6 Destijds, in de jaren van 29 tot 33 G.T., heeft Jezus, speciaal op de sabbat, vele krachtige werken verricht. Hij deed de blinden zien en de doven horen, de kreupelen lopen en de zieken gezond worden, en hij wekte zelfs enkele personen uit de doden op. Zo voorschaduwde hij, welke wonderbaarlijke werken van bevrijding en verlichting hij gedurende de duizendjarige sabbatdag van zijn regering zal verrichten. Niemand zal de vrede en rust van deze dag mogen verstoren, zoals werd voorschaduwd door het ter dood brengen van alle sabbatschenders (Num. 15:32-36). Gedurende deze duizendjarige sabbat zal de mensheid ware verkwikking voor lichaam en geest ontvangen en geleidelijk tot volmaaktheid geraken, en in staat zijn ten volle van al het goede te genieten waarin Jehovah door bemiddeling van zijn Koning, Christus Jezus, voorziet, terwijl zij Hem van ganser harte aanbidding en gehoorzaamheid zullen schenken. Het is iets heerlijks te verwachten dat na zesduizend jaar van zwoegen en gevangenschap aan zonde, onvolmaaktheid en de dood onder Satans wrede heerschappij, de gelovige mensheid thans op de drempel van haar grootste bevrijding staat en een veel grotere sabbat zal genieten waarvan Gods Zoon Heer is. Wat een vreugdevolle dag!
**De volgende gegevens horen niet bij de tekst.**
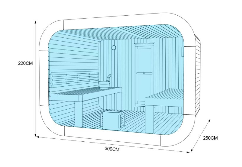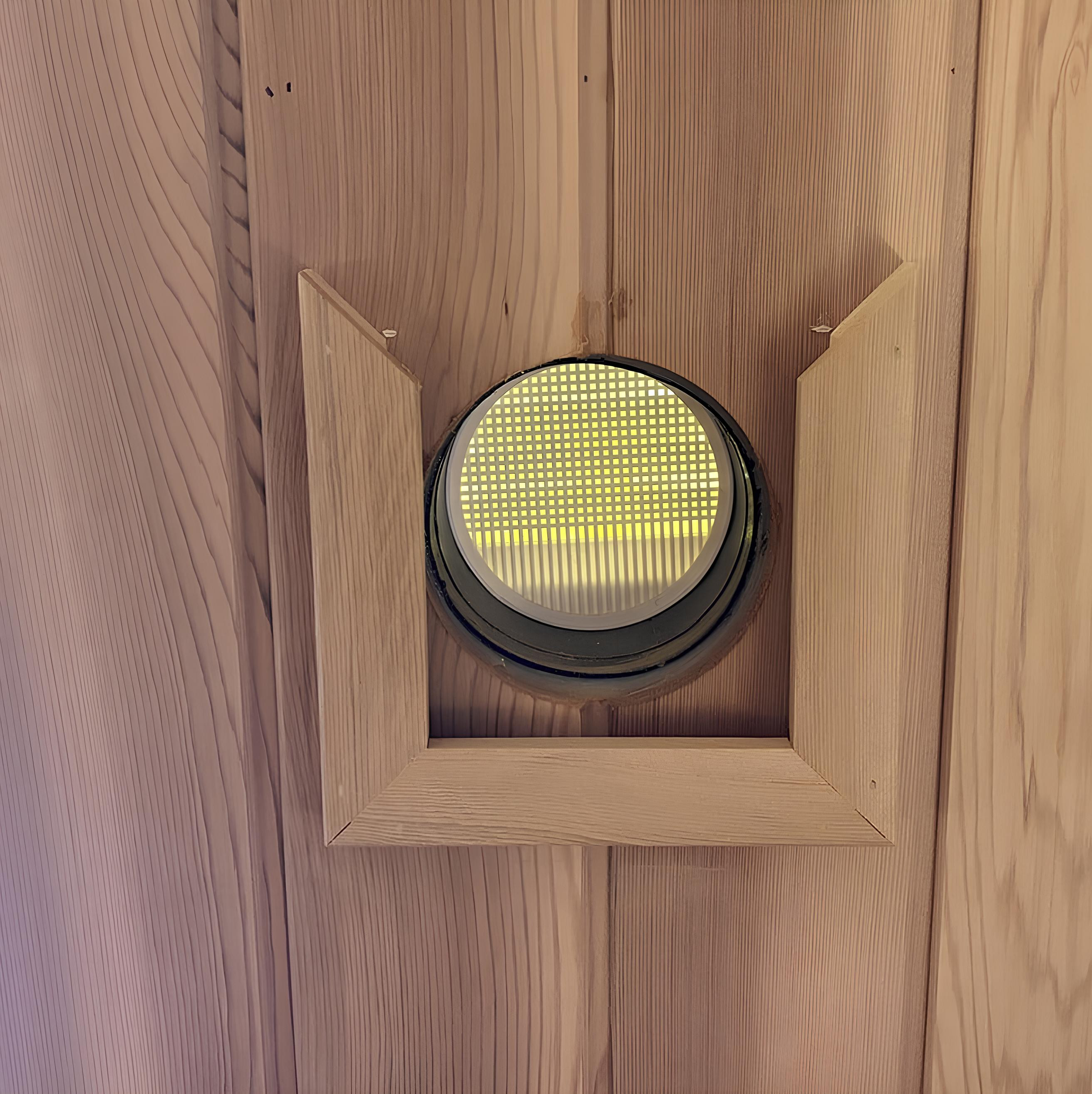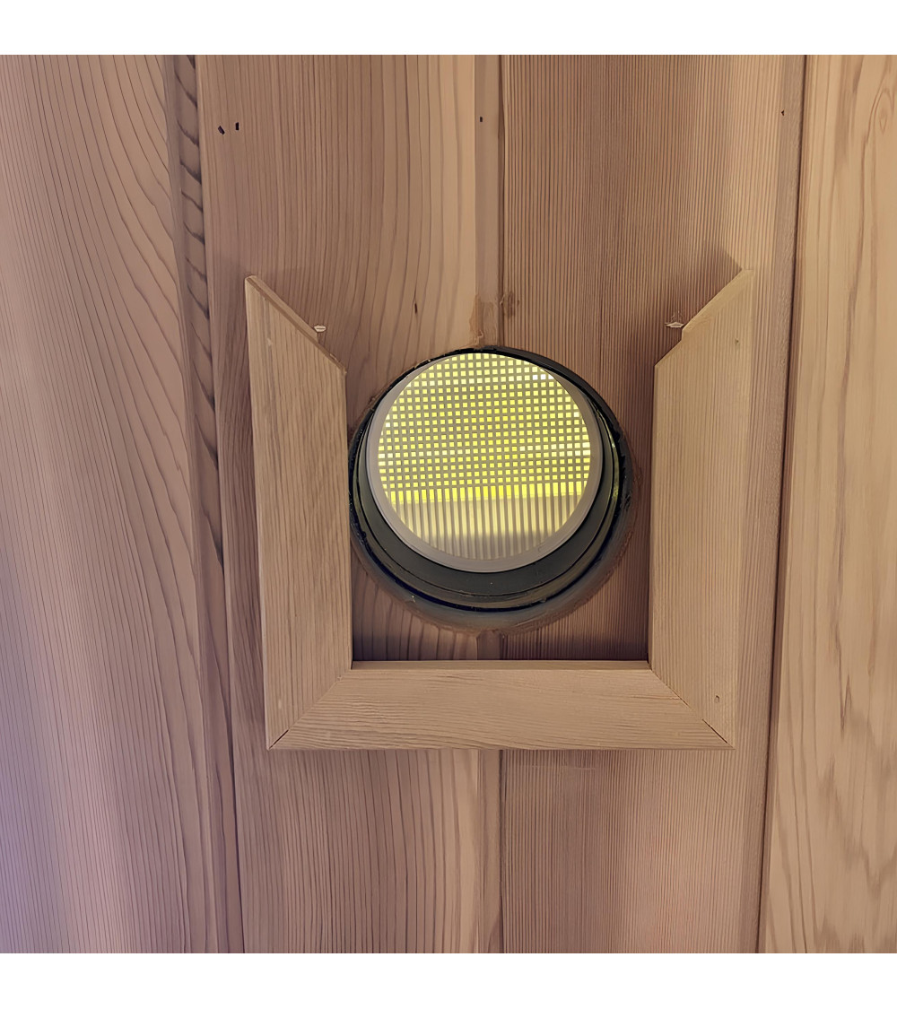 Le poêle électrique 6 kW associé à des pierres volcaniques chauffe rapidement votre cabine (70 °C en ± 20 min) et permet d’atteindre jusqu’à 100 °C. L’intérieur accueille 4 à 6 personnes sur un banc ergonomique, parfait pour un moment de détente en famille ou entre amis.

NIEUWE MAAN EN HET FEEST DER BAZUINEN
7. Wat waren enkele van de aspecten die het feest van de nieuwe maan kenmerkten?
7 Op twee plaatsen geeft de wet van Mozes instructies over het in acht nemen van de nieuwe maan, die het begin van elke maand kenmerkte. Het geluid van trompetten moest worden gehoord en er moesten speciale offers worden gebracht, net als op andere vreugdedagen (Num. 10:10; 28:11-15). Na verloop van tijd ontwikkelde de viering van de nieuwe maan zich tot een belangrijk feest dat naast sabbatten en „feesttijden” wordt genoemd (Jes. 1:13; Ez. 46:1; Hos. 2:10 11). De Wet bepaalde niet dat elke soort van werk op de nieuwemaansdag van een gewone maand gestaakt moest worden. Wij bemerken echter dat de profeet Amos, in de negende eeuw v.G.T., de kooplieden berispte die vol verlangen het eind van de nieuwe maan tegemoet zagen opdat zij hun frauduleuze zaken konden hervatten, welk feit aantoont dat het de gewoonte was dat het volk op nieuwemaansdagen noch handel dreef noch werelds werk verrichtte, doch de dag met vergaderingen en omgang doorbracht. — Amos 8:5; 1 Sam. 20:5, 24.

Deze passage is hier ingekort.